This strategy is a comprehensive trading system that combines Central Pivot Range (CPR), Exponential Moving Average (EMA), Relative Strength Index (RSI), and breakout logic. The strategy employs an ATR-based dynamic trailing stop-loss mechanism, utilizing multiple technical indicators to identify market trends and trading opportunities while implementing dynamic risk management. It is suitable for intraday and medium-term trading, offering strong adaptability and risk control capabilities.

Strategy Principles

The strategy is based on several core components:

  1. CPR indicator for determining key support and resistance levels, calculating daily pivot points, top and bottom levels.
  2. Dual EMA system (9-day and 21-day) for trend direction identification through crossovers.
  3. RSI indicator (14-day) for confirming overbought/oversold conditions and signal filtering.
  4. Breakout logic incorporating price breaks of pivot points for signal confirmation.
  5. ATR indicator for dynamic trailing stop-loss, adaptively adjusting stop distances based on market volatility.

Strategy Advantages

  1. Integration of multiple technical indicators enhances signal reliability.
  2. Dynamic trailing stop-loss mechanism effectively locks in profits and controls risk.
  3. CPR indicator provides important price reference points for accurate market structure positioning.
  4. Strategy demonstrates good adaptability with adjustable parameters for different market conditions.
  5. RSI filter and breakout confirmation strengthen trading signal quality.

Strategy Risks

  1. Multiple indicators may generate lagging and false signals in choppy markets.
  2. Trailing stops might be triggered prematurely during high volatility periods.
  3. Parameter optimization requires consideration of market characteristics; improper settings may affect strategy performance.
  4. Signal conflicts may impact decision accuracy.

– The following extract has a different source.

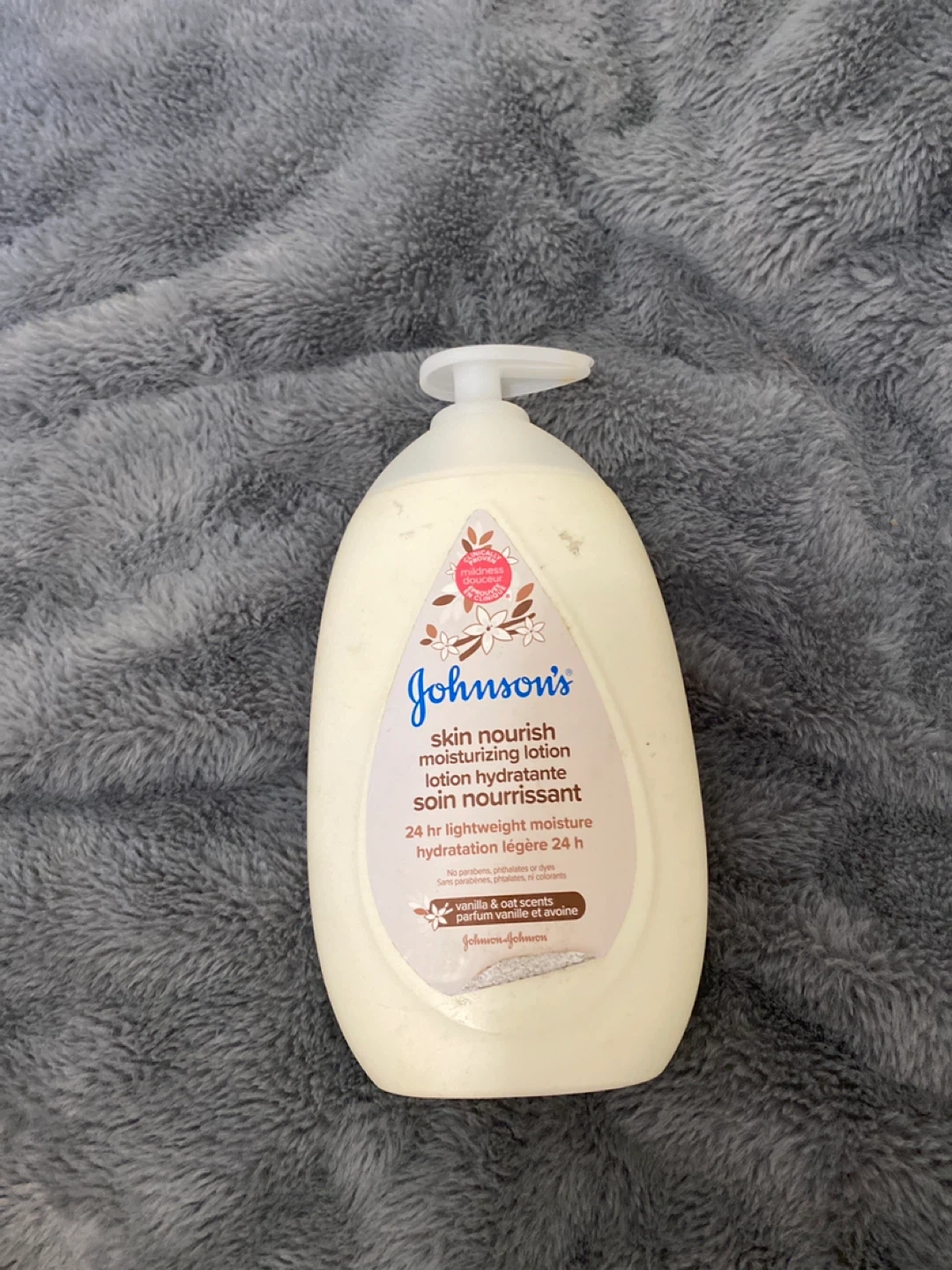 Johnson's skin nourish moisturizing lotion in vanilla & oat scent. It's a 24 hr lightweight moisture lotion. No parabens, phthalates or dyes.
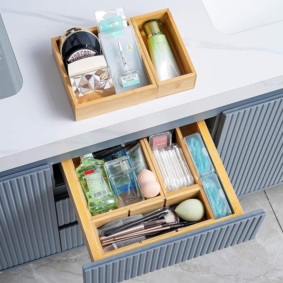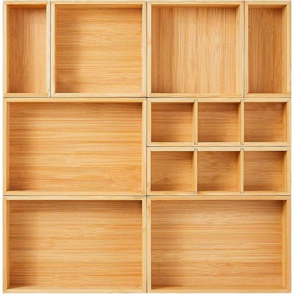 Set di 9 Organizzatori in Legno di Bambù per Cassetti, per Cucina, Trucchi, Scrivania, Contenitori per Tè, Posate e Utensili

Strategy Optimization Directions

  1. Incorporate volume indicators to confirm price breakout validity.
  2. Add trend strength filters to improve trend following accuracy.
  3. Optimize dynamic adjustment mechanism for stop-loss parameters to enhance protection.
  4. Implement market volatility adaptation mechanism for dynamic parameter adjustment.
  5. Consider adding sentiment indicators to improve market timing.

Summary

The strategy constructs a comprehensive trading system through the synergistic effect of multiple technical indicators. The dynamic stop-loss mechanism and multi-dimensional signal confirmation provide favorable risk-reward characteristics. Strategy optimization potential mainly lies in improving signal quality and refining risk management. Through continuous optimization and adjustment, the strategy shows promise in maintaining stable performance across various market conditions.


/*backtest
start: 2024-12-06 00:00:00
end: 2025-01-04 08:00:00
period: 7h
basePeriod: 7h
exchanges: [{"eid":"Futures_Binance","currency":"BTC_USDT"}]
*/

//@version=6
strategy("Enhanced CPR + EMA + RSI + Breakout Strategy", overlay=true)

// Inputs
ema_short = input(9, title="Short EMA Period")
ema_long = input(21, title="Long EMA Period")
cpr_lookback = input.timeframe("D", title="CPR Timeframe")
atr_multiplier = input.float(1.5, title="ATR Multiplier")
rsi_period = input(14, title="RSI Period")
rsi_overbought = input(70, title="RSI Overbought Level")
rsi_oversold = input(30, title="RSI Oversold Level")
breakout_buffer = input.float(0.001, title="Breakout Buffer (in %)")

// Calculate EMAs
short_ema = ta.ema(close, ema_short)
long_ema = ta.ema(close, ema_long)

// Request Daily Data for CPR Calculation
high_cpr = request.security(syminfo.tickerid, cpr_lookback, high)
low_cpr = request.security(syminfo.tickerid, cpr_lookback, low)
close_cpr = request.security(syminfo.tickerid, cpr_lookback, close)

// CPR Levels
pivot = (high_cpr + low_cpr + close_cpr) / 3
bc = (high_cpr + low_cpr) / 2
tc = pivot + (pivot - bc)

// ATR for Stop-Loss and Take-Profit
atr = ta.atr(14)

// RSI Calculation
rsi = ta.rsi(close, rsi_period)

// Entry Conditions with RSI Filter and Breakout Logic
long_condition = ((close > tc) and (ta.crossover(short_ema, long_ema)) and (rsi > 50 and rsi < rsi_overbought)) or (rsi > 80) or (close > (pivot + pivot * breakout_buffer))
short_condition = ((close < bc) and (ta.crossunder(short_ema, long_ema)) and (rsi < 50 and rsi > rsi_oversold)) or (rsi < 20) or (close < (pivot - pivot * breakout_buffer))

// Dynamic Exit Logic
long_exit = short_condition
short_exit = long_condition

// Trailing Stop-Loss Implementation
if long_condition
    strategy.entry("Long", strategy.long)
    strategy.exit("Exit Long", from_entry="Long", 
                  trail_points=atr * atr_multiplier, 
                  trail_offset=atr * atr_multiplier / 2)

if short_condition
    strategy.entry("Short", strategy.short)
    strategy.exit("Exit Short", from_entry="Short", 
                  trail_points=atr * atr_multiplier, 
                  trail_offset=atr * atr_multiplier / 2)

// Plot CPR Levels and EMAs
plot(pivot, title="Pivot Point", color=color.orange, linewidth=2)
plot(tc, title="Top CPR", color=color.green, linewidth=2)
plot(bc, title="Bottom CPR", color=color.red, linewidth=2)
plot(short_ema, title="Short EMA", color=color.blue, linewidth=1)
plot(long_ema, title="Long EMA", color=color.purple, linewidth=1)

// Highlight Buy and Sell Signals
bgcolor(long_condition ? color.new(color.green, 90) : na, title="Buy Signal Highlight")
bgcolor(short_condition ? color.new(color.red, 90) : na, title="Sell Signal Highlight")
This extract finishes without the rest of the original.